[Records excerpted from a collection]

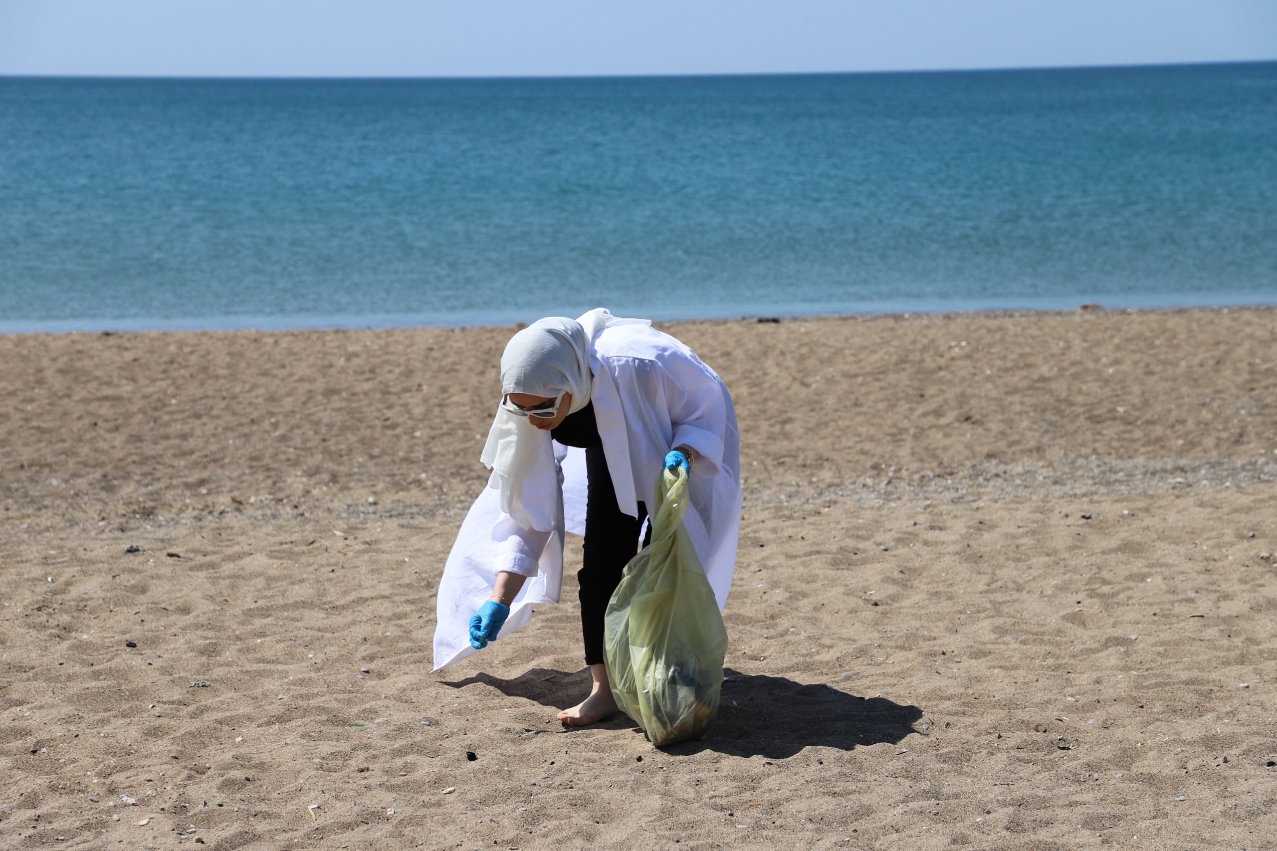 Kıyı temizliği sırasında özellikle deniz kaplumbağalarının yumurta bıraktığı alanlardaki çöpler toplandı.
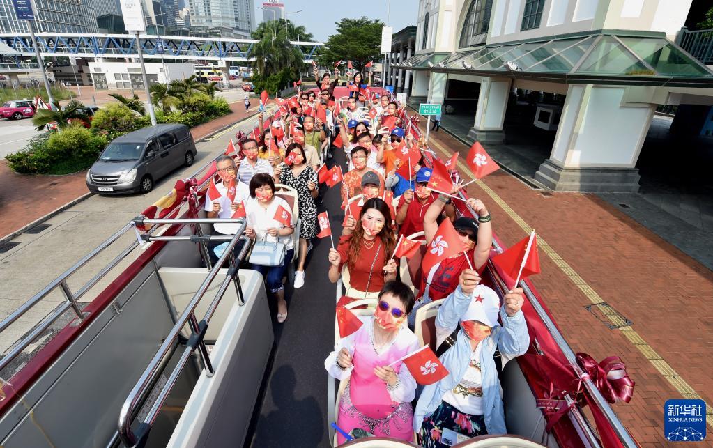 10月1日,在香港街頭,參加慶祝國慶巴士巡游的人們揮動國旗和香港特區(qū)區(qū)旗。新華社記者 盧炳輝 攝 |
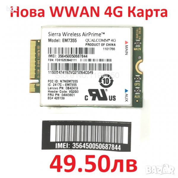 1 Gobi5000 EM7355 4G карта (без CD драйвери - инсталират се автоматично)
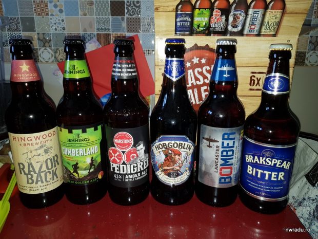 6 beri britanice, mai rar întâlnite prin magazinele noastre, din care vreo 3 sau 4 sunt de tip amber ale. 40 de lei, un pic cam scump, dar îmi place să încerc măcar o dată diverse băuturi. Doar Hobgoblin mai băusem de acolo.
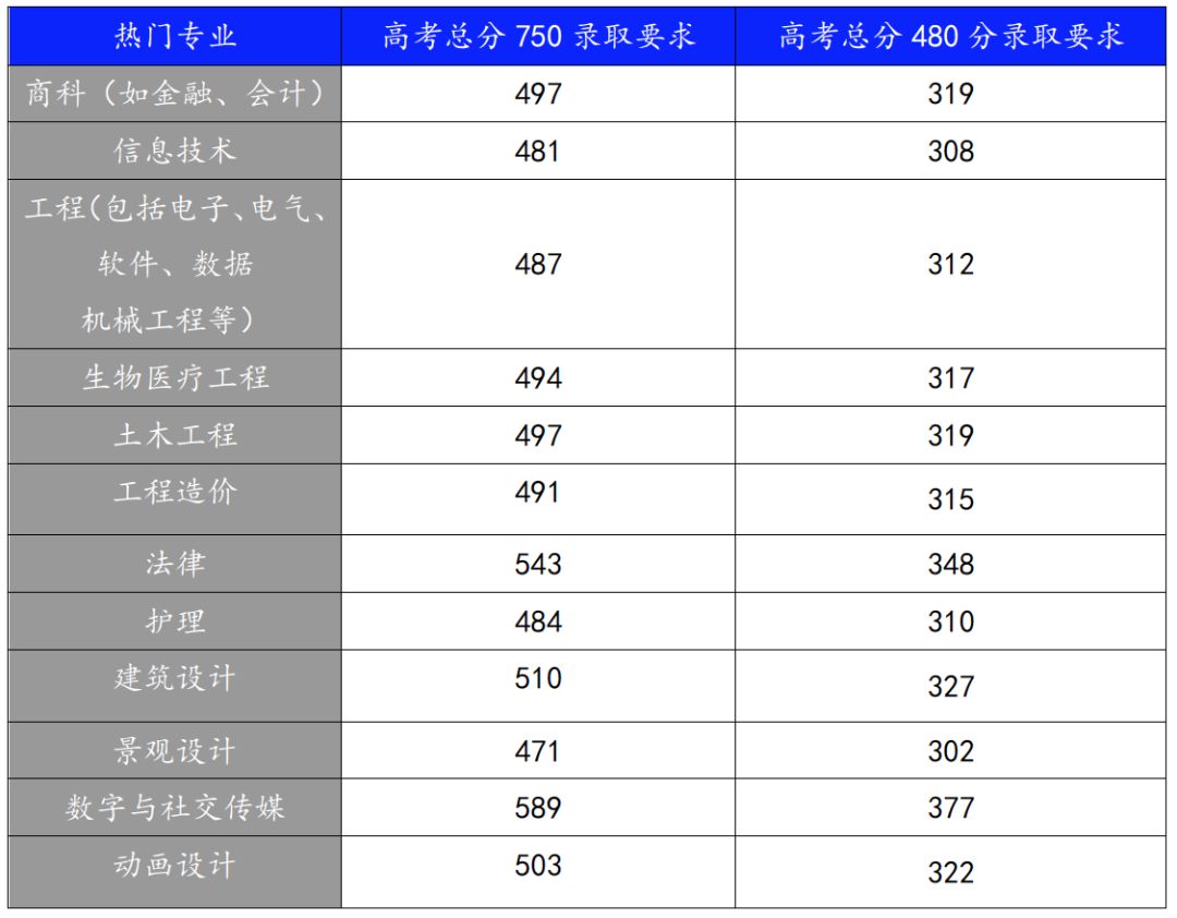 • 达一本低分线的同学,可入读大部分商科、传媒、教育、IT、设计等专业(详见Table 2);
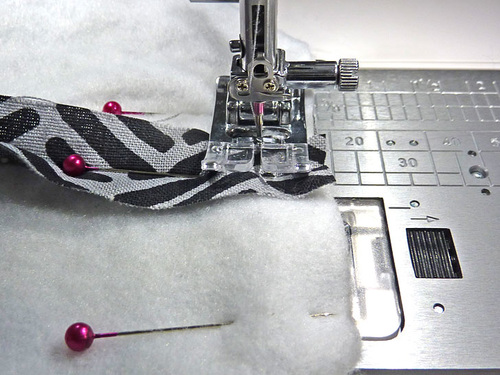 - Using the same threading and stitch set-up, and still using a Zipper foot, edgestitch across the top panel through all the layers.

## [Task goal]
What is needed is an exact copy of each line from the top of the data above through the line containing "1 Gobi5000 EM7355", with no pictures.

## [Expected output]
 Kıyı temizliği sırasında özellikle deniz kaplumbağalarının yumurta bıraktığı alanlardaki çöpler toplandı.
 10月1日,在香港街頭,參加慶祝國慶巴士巡游的人們揮動國旗和香港特區(qū)區(qū)旗。新華社記者 盧炳輝 攝 |
 1 Gobi5000 EM7355 4G карта (без CD драйвери - инсталират се автоматично)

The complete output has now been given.